● **WHAT THE EXERCISE ASKS**
Restate word for word the lines in the listing below, starting at the line containing "PBE的汉化操作十分简单。在" and ending at the line containing "Zdjęcie: Kwiaty, Różowe, Woda, Ptak, Gałązki", both included; leave out the rest.

● **RECORDS FOR THIS EXERCISE**
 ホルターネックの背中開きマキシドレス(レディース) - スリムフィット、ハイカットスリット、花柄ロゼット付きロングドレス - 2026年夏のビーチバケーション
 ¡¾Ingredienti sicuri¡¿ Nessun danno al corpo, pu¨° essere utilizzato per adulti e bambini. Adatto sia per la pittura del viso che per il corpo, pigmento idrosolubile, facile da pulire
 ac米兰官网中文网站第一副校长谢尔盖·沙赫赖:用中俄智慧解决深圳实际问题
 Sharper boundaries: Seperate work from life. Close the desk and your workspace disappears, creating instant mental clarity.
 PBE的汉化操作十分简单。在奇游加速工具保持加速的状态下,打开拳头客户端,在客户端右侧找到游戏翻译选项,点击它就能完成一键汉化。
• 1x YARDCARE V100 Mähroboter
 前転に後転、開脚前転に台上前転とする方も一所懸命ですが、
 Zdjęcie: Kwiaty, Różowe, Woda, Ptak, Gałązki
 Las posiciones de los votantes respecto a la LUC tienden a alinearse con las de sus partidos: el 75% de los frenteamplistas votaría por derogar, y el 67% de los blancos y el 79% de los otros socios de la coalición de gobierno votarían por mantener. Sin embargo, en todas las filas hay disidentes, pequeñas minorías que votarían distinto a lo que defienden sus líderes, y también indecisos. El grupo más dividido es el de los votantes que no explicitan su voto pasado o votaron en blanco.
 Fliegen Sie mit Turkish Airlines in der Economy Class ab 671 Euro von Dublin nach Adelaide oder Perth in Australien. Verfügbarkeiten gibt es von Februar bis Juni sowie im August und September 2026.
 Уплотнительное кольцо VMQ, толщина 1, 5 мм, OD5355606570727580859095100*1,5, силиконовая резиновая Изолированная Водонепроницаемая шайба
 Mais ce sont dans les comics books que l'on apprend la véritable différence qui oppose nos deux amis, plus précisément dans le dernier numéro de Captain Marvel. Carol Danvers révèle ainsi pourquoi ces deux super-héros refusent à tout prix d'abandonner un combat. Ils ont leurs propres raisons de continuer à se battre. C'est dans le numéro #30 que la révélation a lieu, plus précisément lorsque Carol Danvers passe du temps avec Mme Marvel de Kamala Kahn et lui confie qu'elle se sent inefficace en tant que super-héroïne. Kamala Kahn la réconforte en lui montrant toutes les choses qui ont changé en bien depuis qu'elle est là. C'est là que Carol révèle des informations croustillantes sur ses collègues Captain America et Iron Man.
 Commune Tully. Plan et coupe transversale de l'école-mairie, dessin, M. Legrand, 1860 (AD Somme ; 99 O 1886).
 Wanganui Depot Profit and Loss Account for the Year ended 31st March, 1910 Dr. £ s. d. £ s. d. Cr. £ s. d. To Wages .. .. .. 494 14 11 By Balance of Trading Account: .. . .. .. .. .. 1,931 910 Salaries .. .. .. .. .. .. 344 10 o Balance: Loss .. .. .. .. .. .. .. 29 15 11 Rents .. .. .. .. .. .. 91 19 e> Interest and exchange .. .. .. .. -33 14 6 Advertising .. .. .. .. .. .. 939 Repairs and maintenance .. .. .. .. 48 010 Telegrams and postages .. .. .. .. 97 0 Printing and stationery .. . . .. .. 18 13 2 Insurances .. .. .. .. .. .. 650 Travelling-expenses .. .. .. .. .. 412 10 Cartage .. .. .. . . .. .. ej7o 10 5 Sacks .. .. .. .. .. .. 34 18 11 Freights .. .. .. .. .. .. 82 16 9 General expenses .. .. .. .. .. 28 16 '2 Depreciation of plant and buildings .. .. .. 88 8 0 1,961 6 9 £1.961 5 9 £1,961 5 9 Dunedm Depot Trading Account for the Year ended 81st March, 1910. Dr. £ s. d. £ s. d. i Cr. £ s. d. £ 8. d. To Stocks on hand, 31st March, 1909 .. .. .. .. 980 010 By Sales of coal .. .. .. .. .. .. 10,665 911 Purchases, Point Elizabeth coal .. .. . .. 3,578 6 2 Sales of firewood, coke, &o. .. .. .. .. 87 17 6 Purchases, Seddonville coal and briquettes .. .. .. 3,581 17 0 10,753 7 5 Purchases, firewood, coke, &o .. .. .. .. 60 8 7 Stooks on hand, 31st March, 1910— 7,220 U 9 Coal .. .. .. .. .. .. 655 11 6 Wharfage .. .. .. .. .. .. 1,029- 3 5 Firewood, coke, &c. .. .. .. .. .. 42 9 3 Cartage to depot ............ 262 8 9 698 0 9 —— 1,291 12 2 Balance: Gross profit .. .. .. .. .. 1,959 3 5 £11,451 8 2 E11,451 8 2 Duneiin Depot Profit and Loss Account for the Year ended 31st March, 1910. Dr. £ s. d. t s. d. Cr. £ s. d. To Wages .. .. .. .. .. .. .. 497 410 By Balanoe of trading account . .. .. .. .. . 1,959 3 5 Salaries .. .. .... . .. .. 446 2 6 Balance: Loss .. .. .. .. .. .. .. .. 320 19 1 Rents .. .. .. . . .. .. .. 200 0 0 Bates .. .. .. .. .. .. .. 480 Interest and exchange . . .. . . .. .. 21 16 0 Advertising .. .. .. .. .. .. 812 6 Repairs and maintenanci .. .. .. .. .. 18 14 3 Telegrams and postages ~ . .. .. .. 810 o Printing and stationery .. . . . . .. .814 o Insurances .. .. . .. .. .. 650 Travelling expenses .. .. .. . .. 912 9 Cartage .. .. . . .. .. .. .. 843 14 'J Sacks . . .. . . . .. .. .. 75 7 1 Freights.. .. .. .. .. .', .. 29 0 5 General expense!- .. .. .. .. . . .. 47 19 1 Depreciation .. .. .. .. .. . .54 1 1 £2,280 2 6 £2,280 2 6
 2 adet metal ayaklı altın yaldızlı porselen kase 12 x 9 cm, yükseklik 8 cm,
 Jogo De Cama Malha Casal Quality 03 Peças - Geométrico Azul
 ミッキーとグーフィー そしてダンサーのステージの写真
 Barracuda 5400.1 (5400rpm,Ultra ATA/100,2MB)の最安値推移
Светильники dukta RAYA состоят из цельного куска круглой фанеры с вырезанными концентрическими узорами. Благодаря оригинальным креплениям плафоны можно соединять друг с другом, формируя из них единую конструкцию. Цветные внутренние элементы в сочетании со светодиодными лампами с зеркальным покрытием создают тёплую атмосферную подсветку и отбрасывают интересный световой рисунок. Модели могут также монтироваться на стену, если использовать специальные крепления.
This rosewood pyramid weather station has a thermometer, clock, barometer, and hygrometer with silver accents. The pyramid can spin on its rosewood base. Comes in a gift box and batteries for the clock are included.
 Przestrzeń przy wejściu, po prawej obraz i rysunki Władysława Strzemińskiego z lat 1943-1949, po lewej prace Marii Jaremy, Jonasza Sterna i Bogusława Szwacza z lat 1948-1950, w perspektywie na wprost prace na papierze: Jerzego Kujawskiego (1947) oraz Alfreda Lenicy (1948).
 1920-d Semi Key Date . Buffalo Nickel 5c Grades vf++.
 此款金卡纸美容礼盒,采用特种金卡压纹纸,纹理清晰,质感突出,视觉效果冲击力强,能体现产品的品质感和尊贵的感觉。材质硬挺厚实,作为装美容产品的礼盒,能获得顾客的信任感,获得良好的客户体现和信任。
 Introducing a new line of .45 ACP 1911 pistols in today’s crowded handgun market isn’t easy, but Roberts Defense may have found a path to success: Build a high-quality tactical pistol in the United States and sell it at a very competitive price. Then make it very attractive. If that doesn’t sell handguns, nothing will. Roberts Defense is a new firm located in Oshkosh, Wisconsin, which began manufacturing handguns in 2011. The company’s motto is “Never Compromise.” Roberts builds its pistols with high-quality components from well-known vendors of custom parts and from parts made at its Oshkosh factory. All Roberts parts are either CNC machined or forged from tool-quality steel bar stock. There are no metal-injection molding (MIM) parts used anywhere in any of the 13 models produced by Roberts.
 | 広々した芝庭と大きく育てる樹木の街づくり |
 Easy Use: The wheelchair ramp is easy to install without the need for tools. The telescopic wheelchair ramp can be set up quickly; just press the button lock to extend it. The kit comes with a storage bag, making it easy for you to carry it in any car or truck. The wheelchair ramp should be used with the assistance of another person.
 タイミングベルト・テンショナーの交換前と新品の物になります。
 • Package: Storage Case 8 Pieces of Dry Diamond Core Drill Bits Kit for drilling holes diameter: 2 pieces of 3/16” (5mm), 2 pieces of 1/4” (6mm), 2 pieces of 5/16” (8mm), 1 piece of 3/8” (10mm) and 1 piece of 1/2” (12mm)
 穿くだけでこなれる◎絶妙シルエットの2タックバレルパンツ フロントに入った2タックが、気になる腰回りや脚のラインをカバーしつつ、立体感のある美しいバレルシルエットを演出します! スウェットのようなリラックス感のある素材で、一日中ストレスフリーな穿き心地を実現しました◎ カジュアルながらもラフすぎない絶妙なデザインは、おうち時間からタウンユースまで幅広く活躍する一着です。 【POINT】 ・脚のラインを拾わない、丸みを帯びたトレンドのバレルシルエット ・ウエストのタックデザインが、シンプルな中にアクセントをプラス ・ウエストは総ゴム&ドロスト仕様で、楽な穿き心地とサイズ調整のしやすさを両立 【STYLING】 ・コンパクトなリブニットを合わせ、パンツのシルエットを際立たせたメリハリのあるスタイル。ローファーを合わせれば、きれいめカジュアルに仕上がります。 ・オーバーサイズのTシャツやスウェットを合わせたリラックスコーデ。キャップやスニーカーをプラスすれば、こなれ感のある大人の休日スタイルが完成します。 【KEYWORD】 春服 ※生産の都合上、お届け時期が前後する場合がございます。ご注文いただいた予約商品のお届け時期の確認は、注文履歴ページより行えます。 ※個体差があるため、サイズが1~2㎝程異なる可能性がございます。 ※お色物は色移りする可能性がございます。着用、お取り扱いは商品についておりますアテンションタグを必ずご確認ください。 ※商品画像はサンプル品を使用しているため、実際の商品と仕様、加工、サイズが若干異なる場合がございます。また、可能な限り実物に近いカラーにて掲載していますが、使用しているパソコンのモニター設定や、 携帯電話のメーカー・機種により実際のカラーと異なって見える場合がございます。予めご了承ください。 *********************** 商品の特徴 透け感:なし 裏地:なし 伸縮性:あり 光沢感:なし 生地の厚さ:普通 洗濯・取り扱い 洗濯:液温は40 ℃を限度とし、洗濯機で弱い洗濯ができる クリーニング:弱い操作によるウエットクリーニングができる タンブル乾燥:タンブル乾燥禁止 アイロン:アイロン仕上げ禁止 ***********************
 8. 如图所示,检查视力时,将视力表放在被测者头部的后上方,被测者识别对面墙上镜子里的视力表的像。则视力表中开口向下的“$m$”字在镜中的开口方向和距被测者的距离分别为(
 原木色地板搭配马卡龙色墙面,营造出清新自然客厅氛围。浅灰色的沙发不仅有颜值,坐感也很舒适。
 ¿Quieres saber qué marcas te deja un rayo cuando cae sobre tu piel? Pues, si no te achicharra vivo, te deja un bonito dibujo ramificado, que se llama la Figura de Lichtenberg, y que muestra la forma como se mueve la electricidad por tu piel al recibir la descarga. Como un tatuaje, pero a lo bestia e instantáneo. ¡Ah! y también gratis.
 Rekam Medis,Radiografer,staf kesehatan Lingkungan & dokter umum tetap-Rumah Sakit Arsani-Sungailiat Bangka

● **ANSWER FOR THE TASK**
 PBE的汉化操作十分简单。在奇游加速工具保持加速的状态下,打开拳头客户端,在客户端右侧找到游戏翻译选项,点击它就能完成一键汉化。
• 1x YARDCARE V100 Mähroboter
 前転に後転、開脚前転に台上前転とする方も一所懸命ですが、
 Zdjęcie: Kwiaty, Różowe, Woda, Ptak, Gałązki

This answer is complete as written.